*Exercise goal:* Records follow. Print exactly the lines from the one that has "с королевскими шампиньонами" through the one that has "Our Concentrated Perfume", inclusive, and omit the pictures.

*Information shown:*
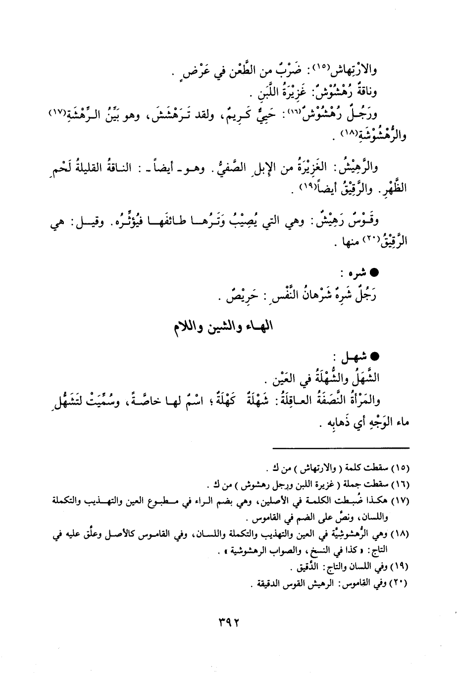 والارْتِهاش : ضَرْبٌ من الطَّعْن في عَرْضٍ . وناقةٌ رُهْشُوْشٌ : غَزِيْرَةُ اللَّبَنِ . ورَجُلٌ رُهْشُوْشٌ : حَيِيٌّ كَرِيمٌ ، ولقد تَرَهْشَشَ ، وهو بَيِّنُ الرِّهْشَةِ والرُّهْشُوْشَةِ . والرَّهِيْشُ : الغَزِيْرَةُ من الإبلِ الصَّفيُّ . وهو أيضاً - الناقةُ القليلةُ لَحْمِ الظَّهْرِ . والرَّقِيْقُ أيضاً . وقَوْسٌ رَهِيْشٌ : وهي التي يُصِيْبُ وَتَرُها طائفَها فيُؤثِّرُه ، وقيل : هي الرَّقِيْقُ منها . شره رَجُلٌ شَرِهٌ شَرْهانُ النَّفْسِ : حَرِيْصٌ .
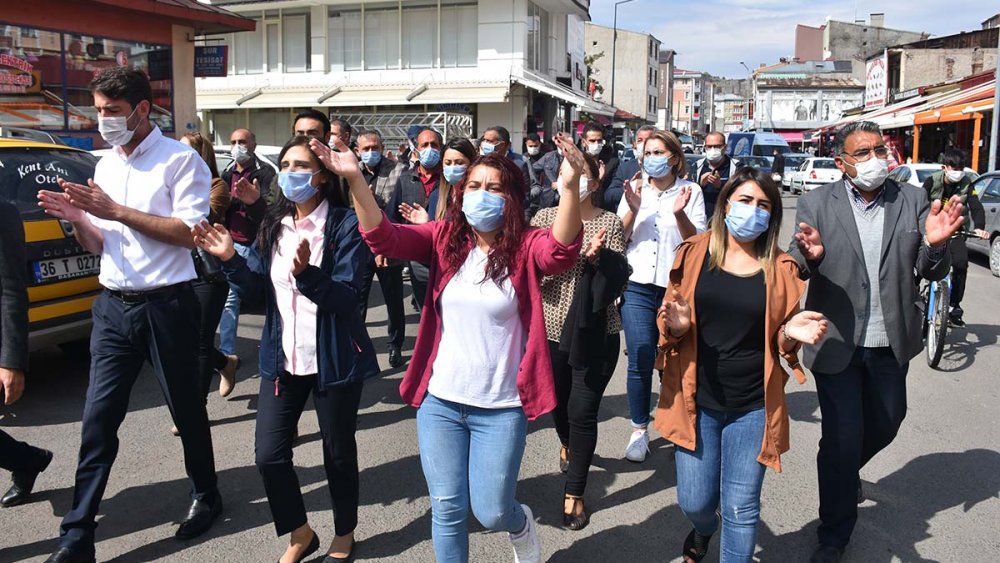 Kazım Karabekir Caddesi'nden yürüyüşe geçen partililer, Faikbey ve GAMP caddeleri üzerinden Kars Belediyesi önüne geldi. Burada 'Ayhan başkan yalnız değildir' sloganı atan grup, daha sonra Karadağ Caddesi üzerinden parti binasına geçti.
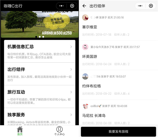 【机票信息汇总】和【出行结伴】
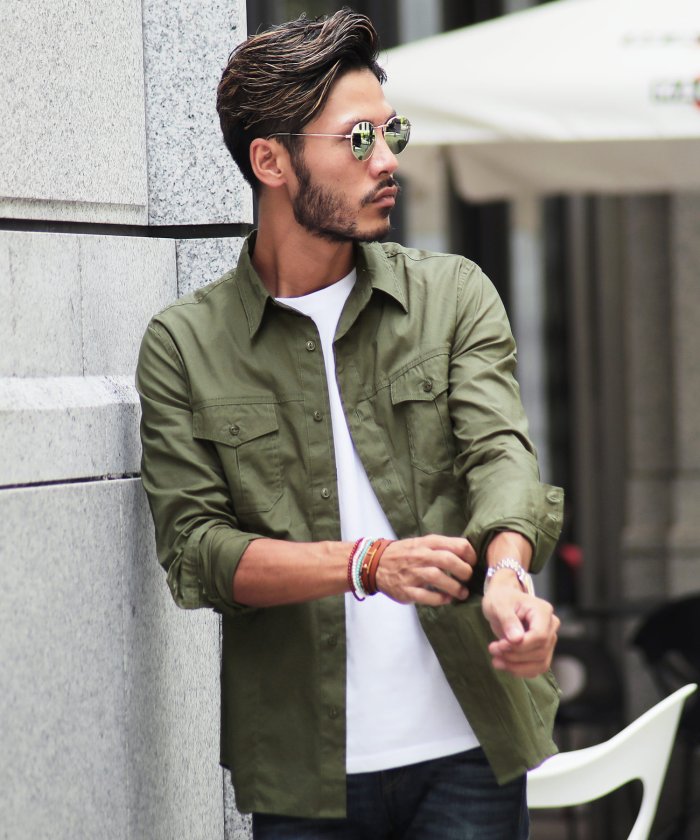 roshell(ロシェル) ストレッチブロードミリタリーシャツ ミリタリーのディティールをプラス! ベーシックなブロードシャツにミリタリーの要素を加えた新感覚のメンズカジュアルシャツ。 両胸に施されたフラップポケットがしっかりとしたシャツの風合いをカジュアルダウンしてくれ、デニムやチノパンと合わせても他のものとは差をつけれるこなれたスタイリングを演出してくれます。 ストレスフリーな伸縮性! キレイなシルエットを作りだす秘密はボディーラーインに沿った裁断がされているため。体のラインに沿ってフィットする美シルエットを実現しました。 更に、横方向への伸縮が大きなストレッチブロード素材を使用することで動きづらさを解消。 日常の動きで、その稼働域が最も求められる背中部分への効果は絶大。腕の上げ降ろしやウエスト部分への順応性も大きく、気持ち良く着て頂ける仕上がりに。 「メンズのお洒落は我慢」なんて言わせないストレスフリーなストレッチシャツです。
==
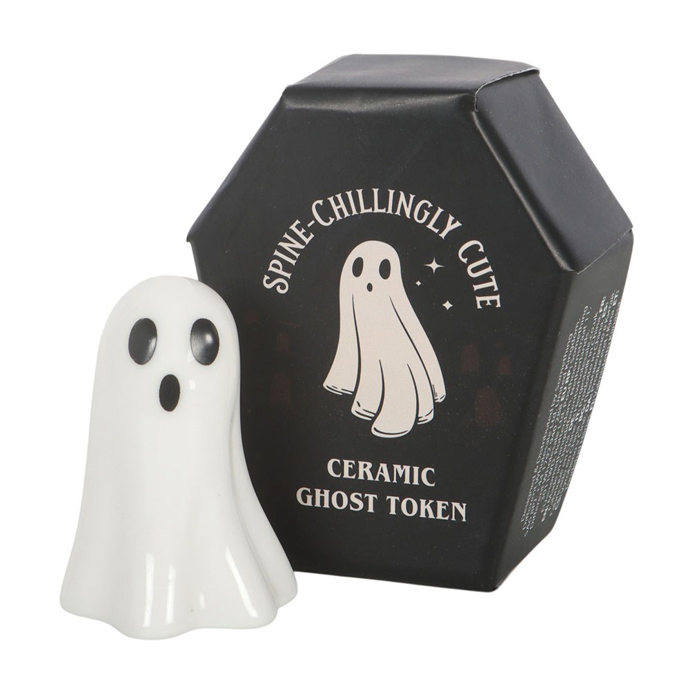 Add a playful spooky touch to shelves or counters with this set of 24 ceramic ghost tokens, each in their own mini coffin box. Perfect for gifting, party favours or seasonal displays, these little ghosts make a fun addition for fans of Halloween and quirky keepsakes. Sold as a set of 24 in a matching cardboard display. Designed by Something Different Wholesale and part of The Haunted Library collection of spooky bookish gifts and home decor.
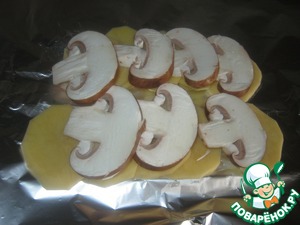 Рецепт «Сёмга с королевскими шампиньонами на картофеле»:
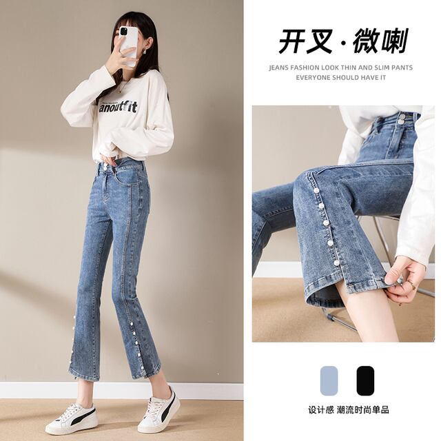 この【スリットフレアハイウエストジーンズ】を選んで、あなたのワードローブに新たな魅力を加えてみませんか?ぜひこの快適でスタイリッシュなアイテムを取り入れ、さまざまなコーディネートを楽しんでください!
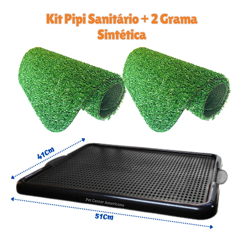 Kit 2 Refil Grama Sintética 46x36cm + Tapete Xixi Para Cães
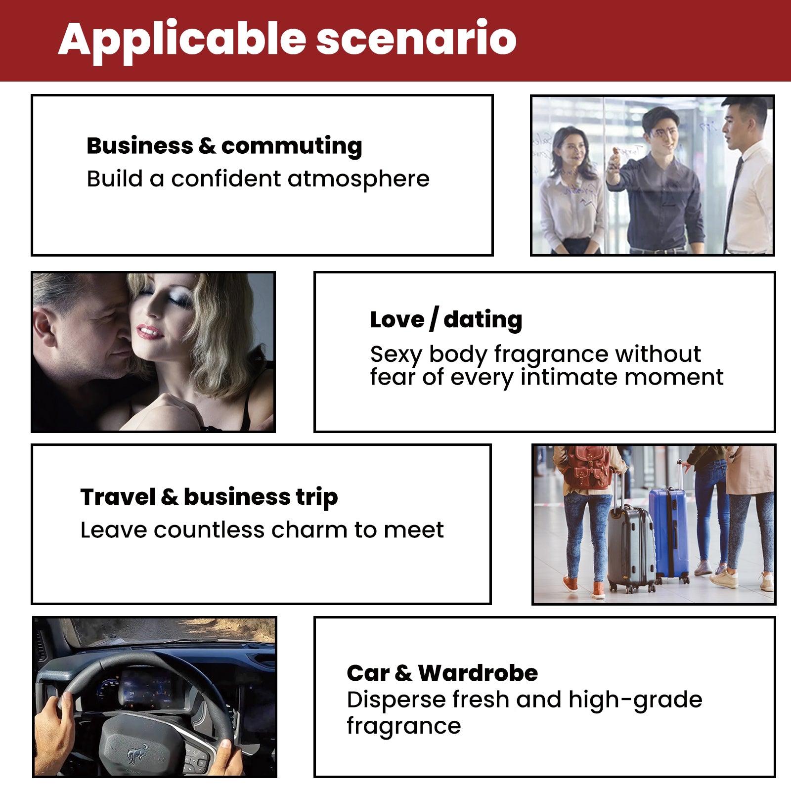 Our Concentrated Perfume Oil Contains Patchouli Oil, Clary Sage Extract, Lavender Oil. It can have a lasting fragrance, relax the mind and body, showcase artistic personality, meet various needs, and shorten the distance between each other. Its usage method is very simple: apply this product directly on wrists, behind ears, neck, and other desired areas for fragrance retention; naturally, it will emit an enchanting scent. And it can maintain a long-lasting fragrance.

*Result of the exercise:*
 Рецепт «Сёмга с королевскими шампиньонами на картофеле»:
 この【スリットフレアハイウエストジーンズ】を選んで、あなたのワードローブに新たな魅力を加えてみませんか?ぜひこの快適でスタイリッシュなアイテムを取り入れ、さまざまなコーディネートを楽しんでください!
 Kit 2 Refil Grama Sintética 46x36cm + Tapete Xixi Para Cães
 Our Concentrated Perfume Oil Contains Patchouli Oil, Clary Sage Extract, Lavender Oil. It can have a lasting fragrance, relax the mind and body, showcase artistic personality, meet various needs, and shorten the distance between each other. Its usage method is very simple: apply this product directly on wrists, behind ears, neck, and other desired areas for fragrance retention; naturally, it will emit an enchanting scent. And it can maintain a long-lasting fragrance.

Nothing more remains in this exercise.